Stored dataset items>
"""

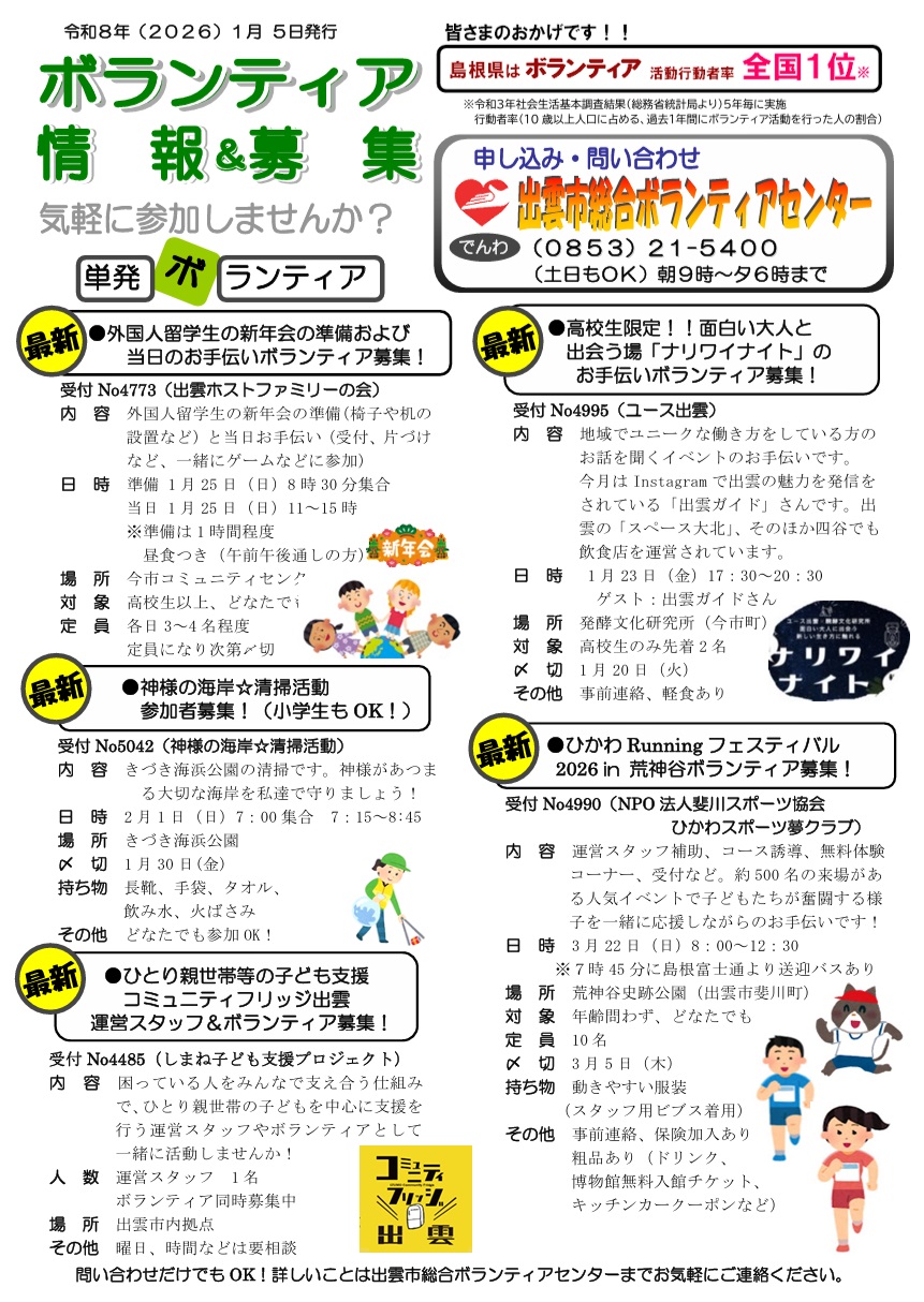 ■内容 ※出雲市総合ボランティアセンター (受付No.4995)
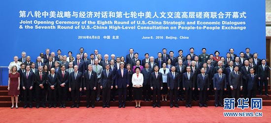 6月6日,第八轮中美战略与经济对话和第七轮中美人文交流高层磋商联合开幕式在北京钓鱼台国宾馆举行。这是开幕式后,与会人士合影/新华社
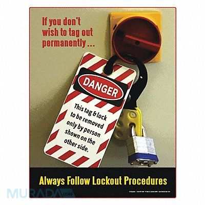 Safety Poster Shape Vertical Rectangle Safety Banner Legend If You Dont Wish To Tag Out Permanently... Always Follow Lockout Procedures Sign Legend Style Symbol and Text Printed Language English Background Color Various Number of Printed Sides 1 Width 17 in Height 22 in Thickness 0.005 in
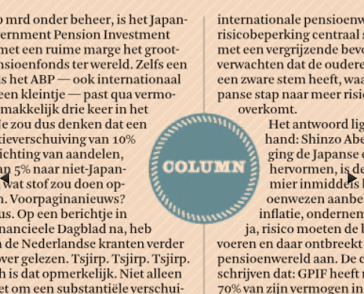 Niets is minder waar. Met maar liefst $ 1.260 miljard onder beheer, is het Japanse Government Pension Investment Fund met een ruime marge het grootste pensioenfonds ter wereld. Zelfs een reus als het ABP – ook internationaal echt geen kleintje – past qua vermogen makkelijk drie keer in het GPIF. Je zou dus denken dat een allocatieverschuiving van 10% in de richting van aandelen, waarvan 5% naar niet-Japanse aandelen wel wat stof zou doen opwaaien… Voorpaginanieuws? Niet dus. Op een berichtje in het Financieele Dagblad na, heb ik er in de Nederlandse kranten verder niets over gelezen. Tsjirp. Tsjirp. Tsjirp.
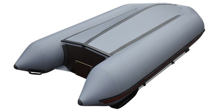 Надувная лодка имеет стационарный транец, жестко приклеенный к баллонам. В месте крепления двигателя установлены дополнительные накладки для уменьшения износа.

"""

EXERCISE AIM> Working from the records above, reproduce exactly the lines from the one with "Niets is minder" through the last line, without the pictures.

SOLVED EXERCISE>
 Niets is minder waar. Met maar liefst $ 1.260 miljard onder beheer, is het Japanse Government Pension Investment Fund met een ruime marge het grootste pensioenfonds ter wereld. Zelfs een reus als het ABP – ook internationaal echt geen kleintje – past qua vermogen makkelijk drie keer in het GPIF. Je zou dus denken dat een allocatieverschuiving van 10% in de richting van aandelen, waarvan 5% naar niet-Japanse aandelen wel wat stof zou doen opwaaien… Voorpaginanieuws? Niet dus. Op een berichtje in het Financieele Dagblad na, heb ik er in de Nederlandse kranten verder niets over gelezen. Tsjirp. Tsjirp. Tsjirp.
 Надувная лодка имеет стационарный транец, жестко приклеенный к баллонам. В месте крепления двигателя установлены дополнительные накладки для уменьшения износа.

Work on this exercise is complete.